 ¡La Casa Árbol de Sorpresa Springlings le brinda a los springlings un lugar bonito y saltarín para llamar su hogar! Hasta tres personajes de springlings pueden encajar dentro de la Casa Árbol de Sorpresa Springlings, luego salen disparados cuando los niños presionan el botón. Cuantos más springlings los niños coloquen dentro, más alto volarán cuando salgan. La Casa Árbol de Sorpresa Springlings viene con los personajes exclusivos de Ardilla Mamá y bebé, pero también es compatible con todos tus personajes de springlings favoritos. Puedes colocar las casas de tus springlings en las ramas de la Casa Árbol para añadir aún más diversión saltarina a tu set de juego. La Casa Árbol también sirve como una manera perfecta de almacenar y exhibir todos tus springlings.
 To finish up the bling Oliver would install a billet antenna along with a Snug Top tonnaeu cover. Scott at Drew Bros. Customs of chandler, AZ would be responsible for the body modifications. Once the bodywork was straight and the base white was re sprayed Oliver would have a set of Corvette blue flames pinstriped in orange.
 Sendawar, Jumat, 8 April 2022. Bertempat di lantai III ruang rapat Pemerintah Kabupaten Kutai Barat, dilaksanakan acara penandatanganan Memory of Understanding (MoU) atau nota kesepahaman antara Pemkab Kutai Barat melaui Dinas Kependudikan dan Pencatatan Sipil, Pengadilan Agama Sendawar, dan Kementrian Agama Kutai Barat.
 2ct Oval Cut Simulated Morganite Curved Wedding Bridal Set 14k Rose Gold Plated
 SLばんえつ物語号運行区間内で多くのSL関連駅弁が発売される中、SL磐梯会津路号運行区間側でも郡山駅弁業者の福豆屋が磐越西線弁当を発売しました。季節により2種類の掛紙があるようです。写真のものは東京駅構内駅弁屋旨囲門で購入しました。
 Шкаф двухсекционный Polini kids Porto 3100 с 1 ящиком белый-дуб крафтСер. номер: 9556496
* * *
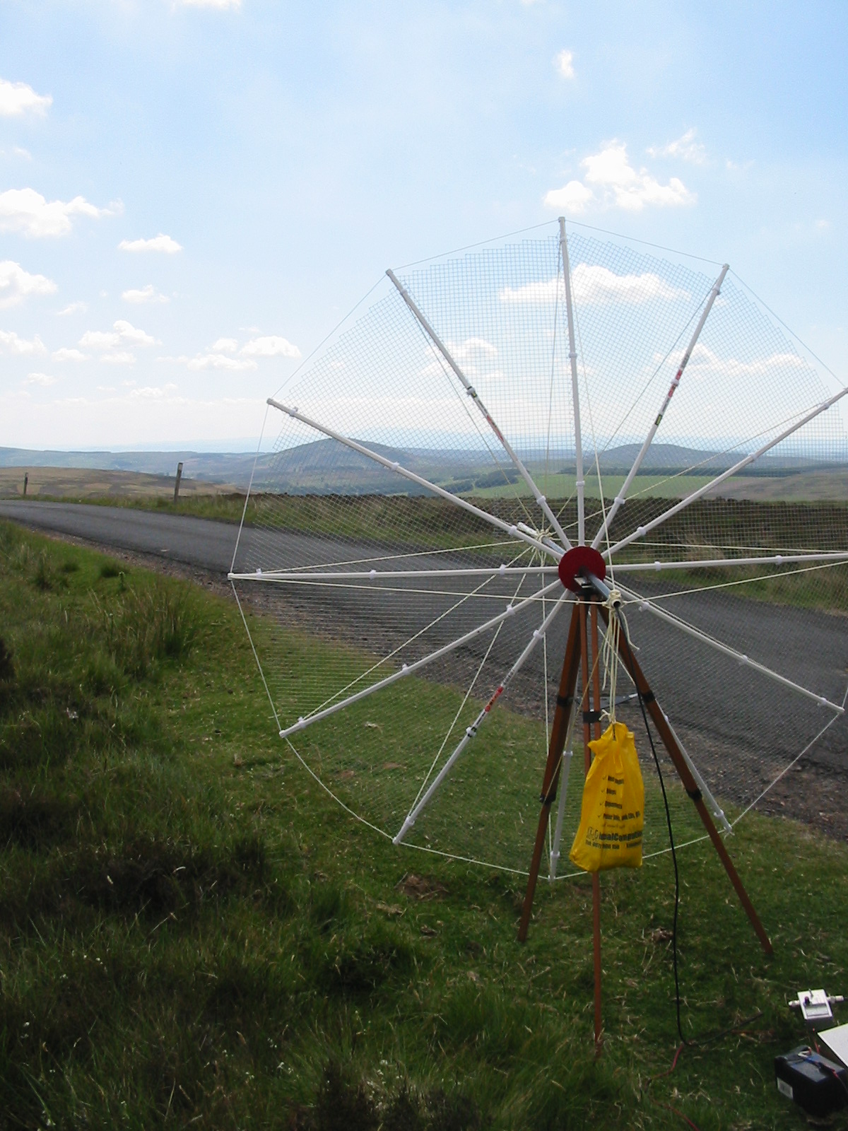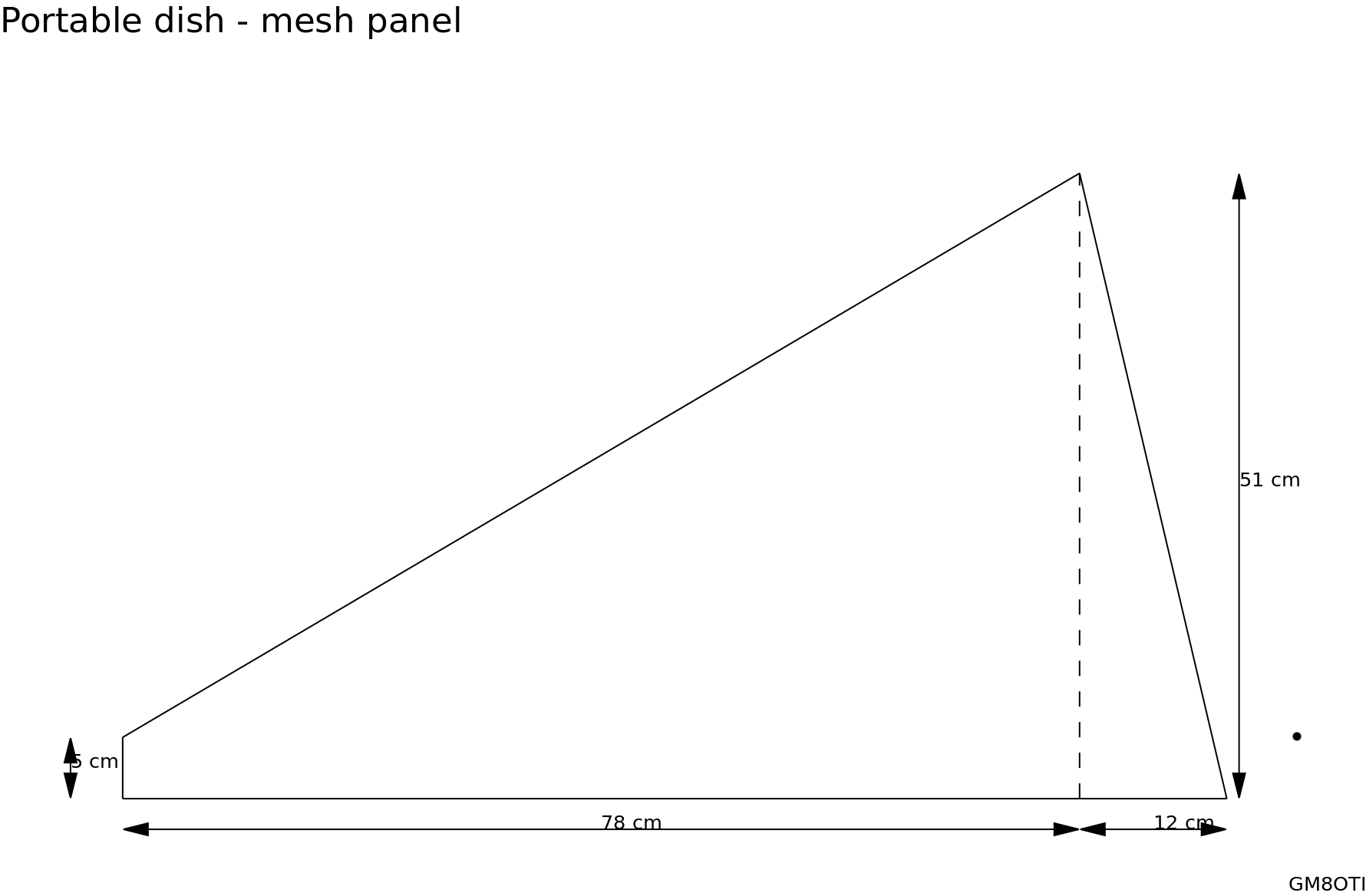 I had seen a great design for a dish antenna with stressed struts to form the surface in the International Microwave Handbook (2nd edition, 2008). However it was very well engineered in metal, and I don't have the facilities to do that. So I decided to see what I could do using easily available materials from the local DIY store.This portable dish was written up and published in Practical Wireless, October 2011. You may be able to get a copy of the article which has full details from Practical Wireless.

AIM OF THE TASK:
Out of the material above, output word for word the line with "2ct Oval Cut", the line with "Шкаф двухсекционный Polini", and all lines between them, with nothing else.

SOLUTION FOR THIS PROBLEM:
 2ct Oval Cut Simulated Morganite Curved Wedding Bridal Set 14k Rose Gold Plated
 SLばんえつ物語号運行区間内で多くのSL関連駅弁が発売される中、SL磐梯会津路号運行区間側でも郡山駅弁業者の福豆屋が磐越西線弁当を発売しました。季節により2種類の掛紙があるようです。写真のものは東京駅構内駅弁屋旨囲門で購入しました。
 Шкаф двухсекционный Polini kids Porto 3100 с 1 ящиком белый-дуб крафтСер. номер: 9556496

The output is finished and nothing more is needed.